## Extracted records
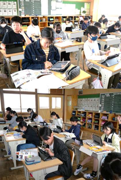 (写真上)6年1組 社会科 学習のまとめとして、自分たちでテスト問題を考え合っています。その際、疑問に思ったことは復習することで自分の理解につなげています。
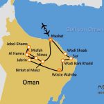 Muscat – Quriat – Wadi Tiwi – Sur – Wahiba – Wadi Bani Khalid – Ibra – Birkat al Mauz – Jabal Akhdar – Nizwa – Al Hamra – Misfah – Jabrin – Wadi Bani Awf – Muscat
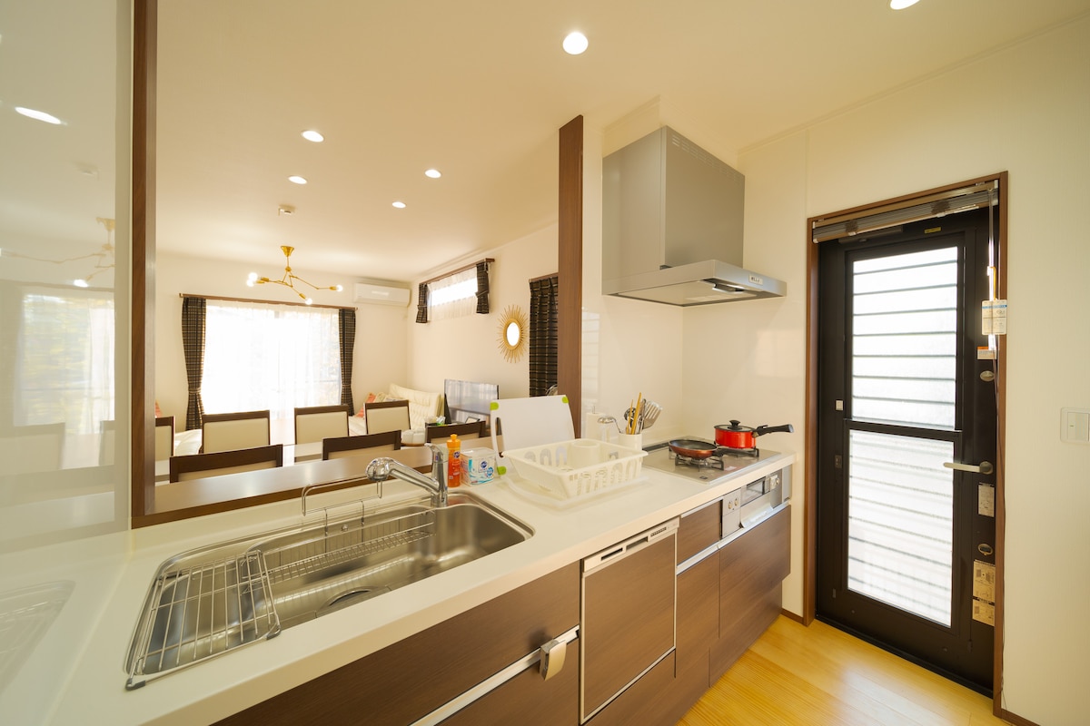Umeno-Yuekigyou is a 4-minute walk from Dazaifu Station, with a convenient convenience store, supermarket within a 1-2 minute walk, and restaurants nearby, ensuring a comfortable stay. This is a luxurious rental of a newly built, modern Japanese-style detached house that can accommodate up to 11 people. Free parking is available for 2 cars, so you can use it as a base for your trip to Kyushu. The main bedroom is equipped with a projector with an electric screen, and we have a contract with U-NEXT, so you can enjoy your favorite movies and dramas on a large screen. You can also enjoy stylish dining and drinks in the balcony area, where chairs and tables are available. The large living dining room is complete with a wooden single board table that can accommodate up to 8 people, and the sofa is a hotel-specified high-quality L-shaped sofa, providing a comfortable sitting experience. We are fully equipped with a washer and dryer, so you will have no trouble doing laundry even if you are staying for consecutive nights or long stays. We have a Nespresso coffee maker to help you relax from your travels. A map of nearby restaurants is available in the guidebook, so please use it as a reference for your meal.
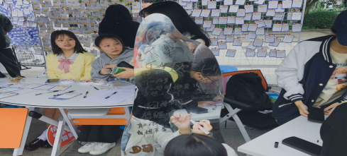 本次主题活动分为四个环节:我最近的心情识别、寄放情绪在云端、情绪能量补给站和镜心相拥自护坊。在心情识别的活动中,社员们邀请同学们在情绪人体图上贴心情色纸,由此引导大家觉察、识别情绪。通过创造舒适、温暖的氛围,鼓励同学们以接纳的态度对待情绪,在书写情绪事件的同时,留意情绪背后的需要。
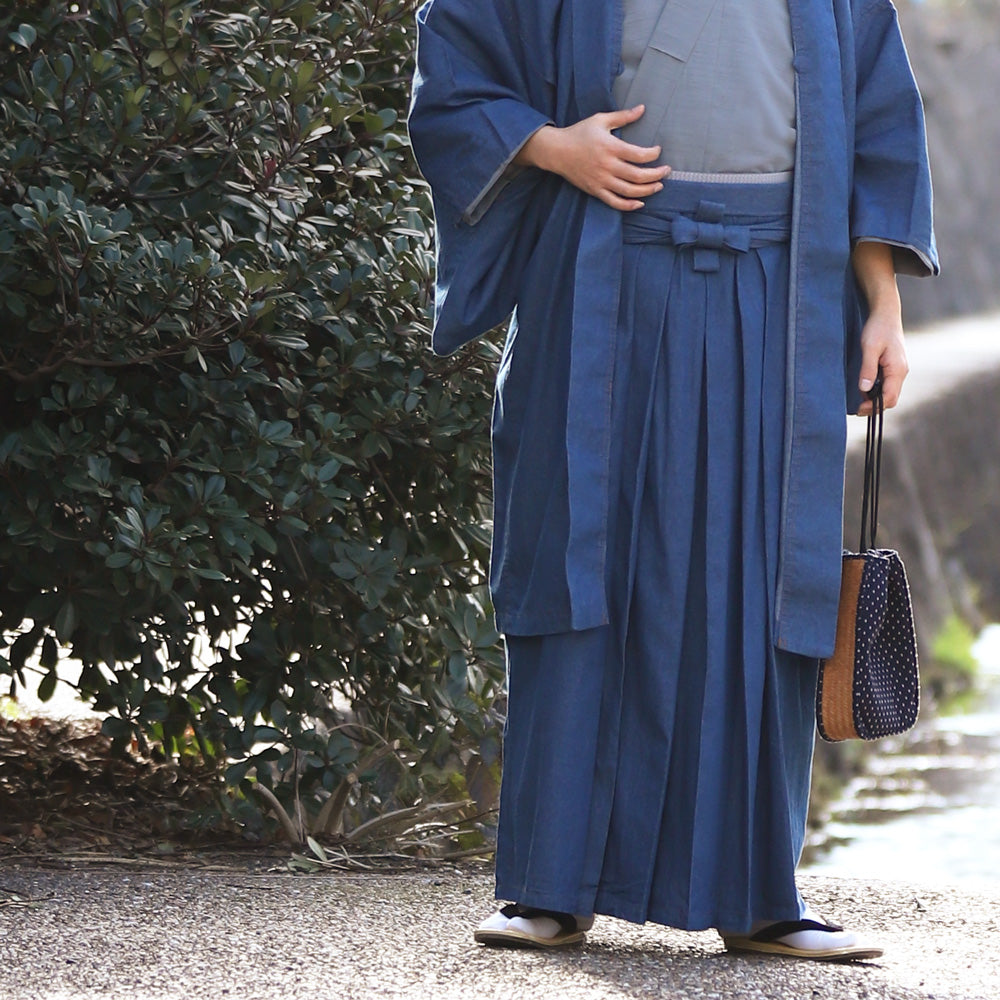 メンズもレディースと同様デニム着物とデニム作務衣を取り揃えているほか、馬乗り袴や、岡山デニムの半纏もご用意♪
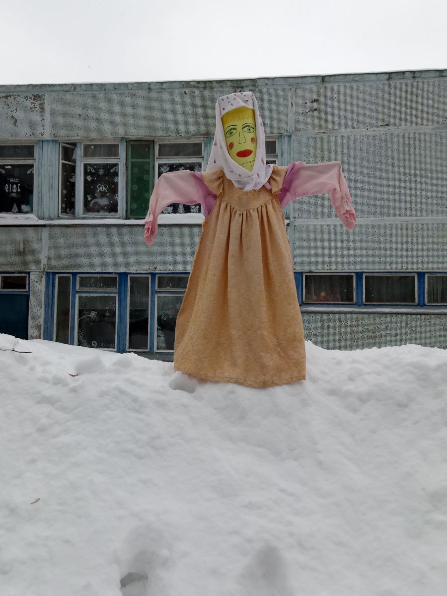 В качестве чучела, которое приносится в жертву, изготавливали большую смешную и в то же время страшную куклу, олицетворяющую собой Масленицу. Делали куклу из тряпок и соломы. После чего её наряжали в женскую одежду и оставляли на главной улице деревни на время Масленичной недели. А в воскресенье торжественно несли за пределы селения. Там чучело сжигали, топили в проруби или же разрывали на части, а солому, оставшуюся от него, разбрасывали по полю.
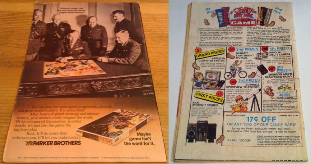 The advertisements, as pictured on the inside and outside back covers above, were also changed, as were all the other ads throughout the book.
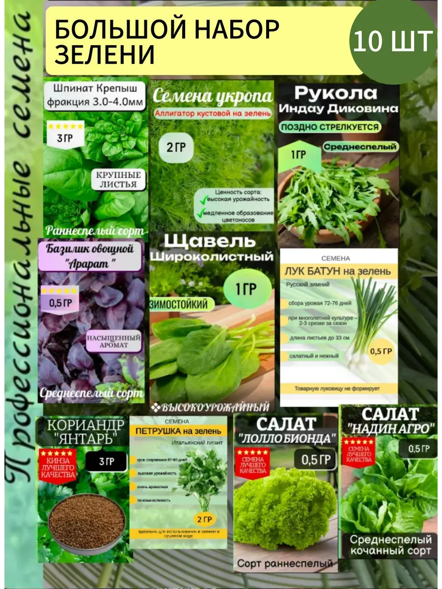 10 пакетиков семян разной зелени

## Task to complete
When you reach the line containing "本次主题活动分为四个环节:我" in the entries above, begin restating word for word, and stop once the line containing "メンズもレディースと同様デニ" has been given. Omit the pictures.

## Solved problem
 本次主题活动分为四个环节:我最近的心情识别、寄放情绪在云端、情绪能量补给站和镜心相拥自护坊。在心情识别的活动中,社员们邀请同学们在情绪人体图上贴心情色纸,由此引导大家觉察、识别情绪。通过创造舒适、温暖的氛围,鼓励同学们以接纳的态度对待情绪,在书写情绪事件的同时,留意情绪背后的需要。
 メンズもレディースと同様デニム着物とデニム作務衣を取り揃えているほか、馬乗り袴や、岡山デニムの半纏もご用意♪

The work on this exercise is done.